The accompanying financial statements reflect all adjustments, consisting of normally recurring accruals, which in the opinion of management are necessary for a fair presentation, in all material respects, of the information contained therein. Intercompany balances and transactions have been eliminated in consolidation. Certain reclassifications have been made to the prior year financial information to conform to the current year presentation.

Recent Developments

On December 21, 2020, MDC and Stagwell entered into a definitive transaction agreement (as amended on June 4, 2021 and as of July 8, 2021, the “Transaction Agreement”) providing for the combination of MDC with the subsidiaries of Stagwell that own and operate a portfolio of marketing services companies (the “Stagwell Entities”). The combination and related transactions, including the domestication of MDC to a Delaware corporation, are referred to as the “Transactions.” See “Item 1. Business – Recent Developments” in the Company’s Annual Report on Form 10-K for the year ended December 31, 2020, filed on March 16, 2021, for a description of the Transactions.

On July 26, 2021, the Company’s shareholders approved the Transactions, and on August 2, 2021 (the effective date), the combined company began to conduct business as Stagwell Inc. On August 3, 2021, Stagwell Inc. began to trade on the NASDAQ Stock Exchange under the ticker symbol STGW.

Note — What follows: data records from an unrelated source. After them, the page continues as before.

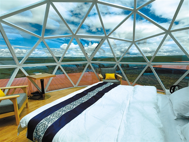 圖為夯錯濕地暗夜星空景區(qū)戶外星空房一角。 記者 趙書彬 萬靖 攝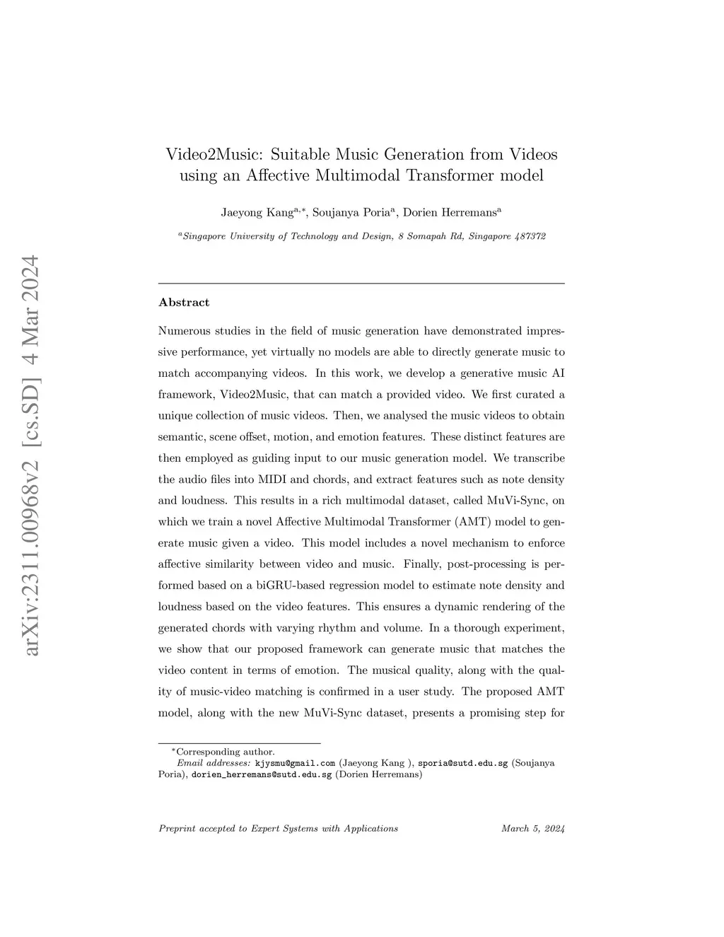 Video2Music: Suitable Music Generation from Videos using an Affective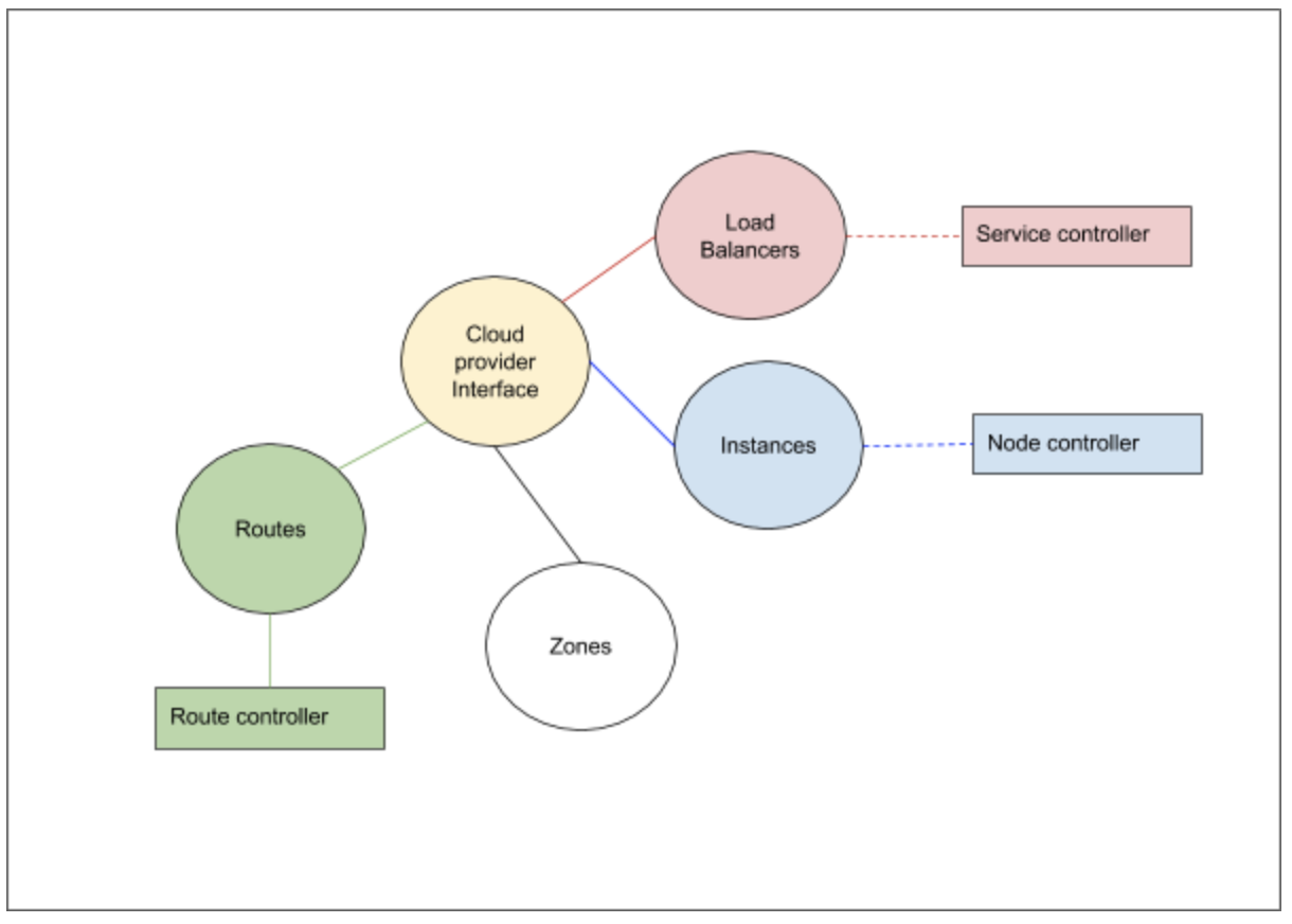 The cloud provider implementation of K8s can be largely divided into the following component interfaces which we need to implement: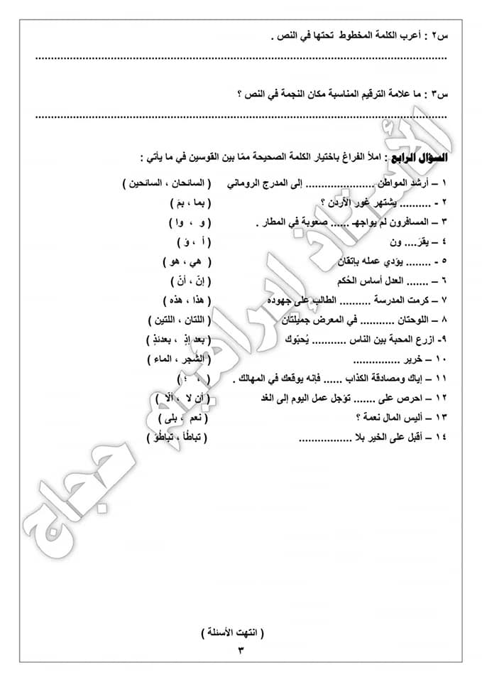 نموذج للاختبار النهائي لمادة اللغة العربية للصف السابع الفصل الأول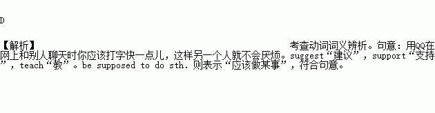 (2013菏泽)You are________to type quickly when talking to each other on QQ so the other person doesn’t get bored.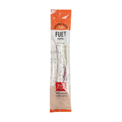 Фуэт с перцем — это сыровяленая испанская колбаса из свинины тонкой формы, покрытая благородной белой плесенью и с добавлением перца для придания остроты. У нее плотная, упругая структура, насыщенный острый вкус, ароматная пряная композиция и красивый узор среза. Фуэт используют как самостоятельную закуску, так и в бутербродах, сэндвичах, салатах, на пицце и в горячих блюдах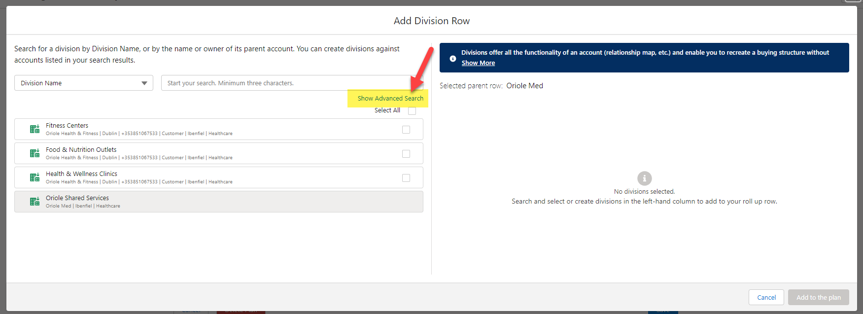 Using the advanced search, you can search for accounts and add their divisions to the roll up, or create a new division against an account in your search results and add it to the roll up.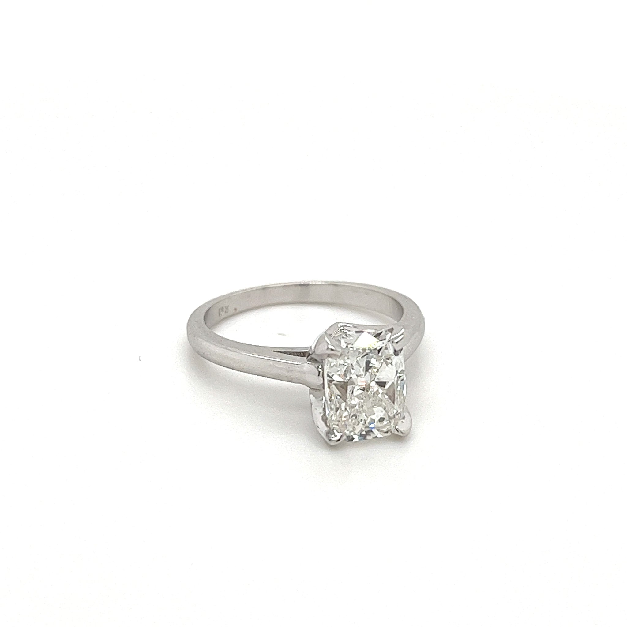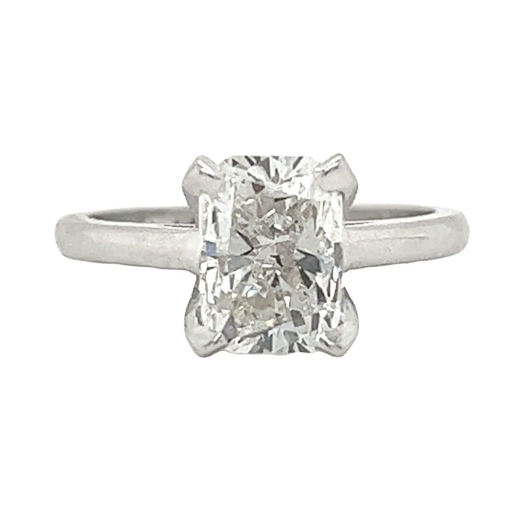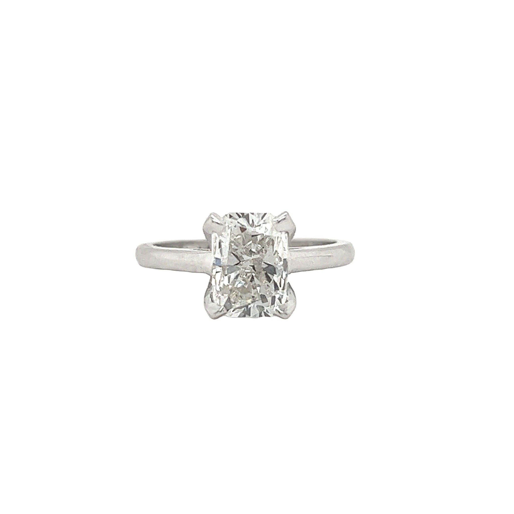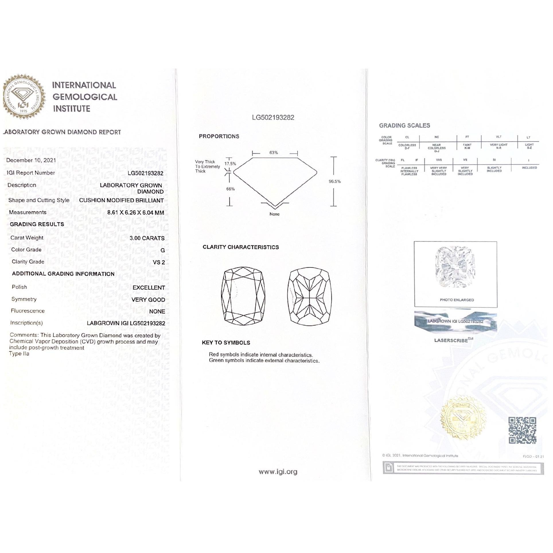 Bague de Fiançailles en Diamant de Laboratoire de 3,00 Carats, Taille Coussin Allongée, en Or Blanc 18k, Monture Solitaire. La pierre centrale est d'une taille excellente, avec une forme de coussin allongée qui ressemble à une taille radiant. Une pierre magnifique que nous pouvons GARANTIR d'émerveiller quiconque la voit.

On July 26, 2021, the Company sent a notice of redemption to the holders of its 7.50% senior notes due 2024 (the “Senior Notes”). The redemption date is scheduled for August 20, 2021 at a redemption price equal to 101.625% of the outstanding principal amount of the Senior Notes being redeemed (the “Redemption Price”), plus, accrued and unpaid interest on the principal amount of such Senior Notes (the “Redemption Payment”). The Redemption Payment is approximately $904 million,
consisting of the Redemption Price of approximately $884 million (principal of $870 million and a premium of $14 million) and accrued and unpaid interest of approximately $20 million.

On August 2, 2021, the Company repaid the total amount outstanding and terminated its revolving credit facility due February 3, 2022.

The plan to redeem the Senior Notes and the termination of the revolving credit facility were initiated in connection with the closing of the Transactions and the plan to refinance the liquidity position of the combined company.

On July 8, 2021, the Company entered into agreements with Stagwell and affiliates of The Goldman Sachs Group amending certain terms of their preference shares (see Note 10 of the Notes to the Unaudited Condensed Consolidated Financial Statements), which, among other things, reduced the accretion rate on the base liquidation preference of the combined company to zero percent per annum from and after the date that is two business days following the closing of the combination until the one year anniversary thereof.

As the information provided throughout this report is historical, it primarily reflects information about the Company as of June 30, 2021, without giving effect to the Transactions or the Stagwell Entities.